United States TV coverage
- Network: FOX
- Announcers: Thom Brennaman, Charles Davis, and Chris Myers
- Nielsen ratings: 7.9

= 2008 Sugar Bowl =

The 2008 Allstate Sugar Bowl was an American college football bowl game. It was part of the Bowl Championship Series (BCS) for the 2007 NCAA Division I FBS football season, and was the 74th Sugar Bowl. It was played on Tuesday January 1, 2008, in the Louisiana Superdome in New Orleans.

The Warriors were the third team not in any of the six BCS conferences (not counting major independent Notre Dame) to play in a BCS game. Boise State qualified for the 2007 Fiesta Bowl, and Utah made the same game two years earlier. Both teams won their respective games.

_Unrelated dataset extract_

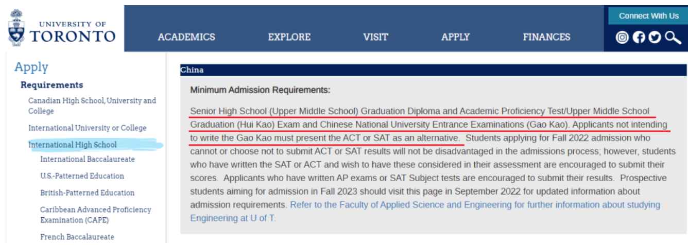 使用高考成绩申请多大,建议能达到一本以上的成绩。 如果没有完成高考,则必须参加SAT或ACT标化考试来取代高考成绩。

Georgia earned a 41–10 win. It was already a one-sided affair at halftime with a 24–3 score and it was 41–3 at one point early in the fourth quarter. The closest Hawaii got was 7–3 after a Dan Kelly field goal.

==Teams==
Because the SEC champion (LSU) was slated to participate in the BCS National Championship Game, the number-five Georgia Bulldogs were selected to host the number-ten, WAC champion Hawaii Warriors, the last undefeated major college football team going into the bowl season. This was the first meeting between the two teams.

===Hawaii===

The Hawaii Warriors, led by 9th-year head coach June Jones, finished the regular season 12–0, the program's first perfect regular season, winning the WAC title for the 3rd time in program history, and the Warriors' first ever outright conference title. The Warriors were led by senior quarterback Colt Brennan, who broke several FBS records throughout the season, including career passing touchdowns and total career touchdowns. Hawaii started the season ranked no. 23 in the AP poll and only played one ranked team in the regular season, defeating no. 17 Boise State 39–27 in the penultimate game of the regular season.

===Georgia===

The Georgia Bulldogs, led by 7th-year head coach Mark Richt, finished the regular season 10–2 (6–2 in SEC play), finishing tied for 1st in the SEC's Eastern Division, but lost out on an appearance in the SEC Championship Game to Tennessee due to tiebreakers. The Bulldogs started the season ranked no. 13 in the AP poll, but a 12–16 loss to South Carolina in week 2 saw the Bulldogs fall to no. 23. Georgia would crack the top ten following a 42–30 victory over then-no. 9 Florida in week 8. Coming into the Sugar Bowl, Georgia was ranked no. 4 in both the AP and Coaches poll.

==Game summary==

| Statistics | HAW | UGA |
|---|---|---|
| First downs | 20 | 19 |
| Total yards | 306 | 335 |
| Rushing yards | -5 | 160 |
| Passing yards | 311 | 175 |
| Passing: comp–att–int | 35–57–4 | 14–27–1 |
| Turnovers | 6 | 1 |
| Time of possession | 30:39 | 29:21 |

| Team | Category | Player | Statistics |
| Hawaii | Passing | Colt Brennan | 22/38, 169 yards, 3 INT |
| Rushing | Kealoha Pilares | 7 rushes, 26 yards |
| Receiving | Jason Rivers | 10 receptions, 105 yards |
| Georgia | Passing | Matthew Stafford | 14/23, 175 yards, TD, INT |
| Rushing | Thomas Brown | 19 rushes, 73 yards, TD |
| Receiving | Mohamed Massaquoi | 5 receptions, 54 yards |

| Quarter | 1 | 2 | 3 | 4 | Total |
|---|---|---|---|---|---|
| No. 10 Warriors | 3 | 0 | 0 | 7 | 10 |
| No. 5 Bulldogs | 14 | 10 | 14 | 3 | 41 |

==Aftermath==
With Hawaii's defeat, the 2007-08 college football season ended with no undefeated teams, something that had not happened since the 2003-04 season. This is also the second time in the BCS era that this has occurred.

Georgia DE Marcus Howard was named the MVP of the Sugar Bowl Game, the first time in its history that a purely defensive player has received the honor.

With the win, Georgia Head Coach Mark Richt became the first head coach in Georgia history to win more than one Sugar Bowl (his previous victory was over Florida State University following the 2002 season). Vince Dooley and Wally Butts won one Sugar Bowl each, with Dooley's only win securing the 1980 National Championship. Dooley lost four other Sugar Bowl games.

On January 8, Hawaii Head Coach June Jones left Hawaii to become the head coach at Southern Methodist University. He signed a five-year contract.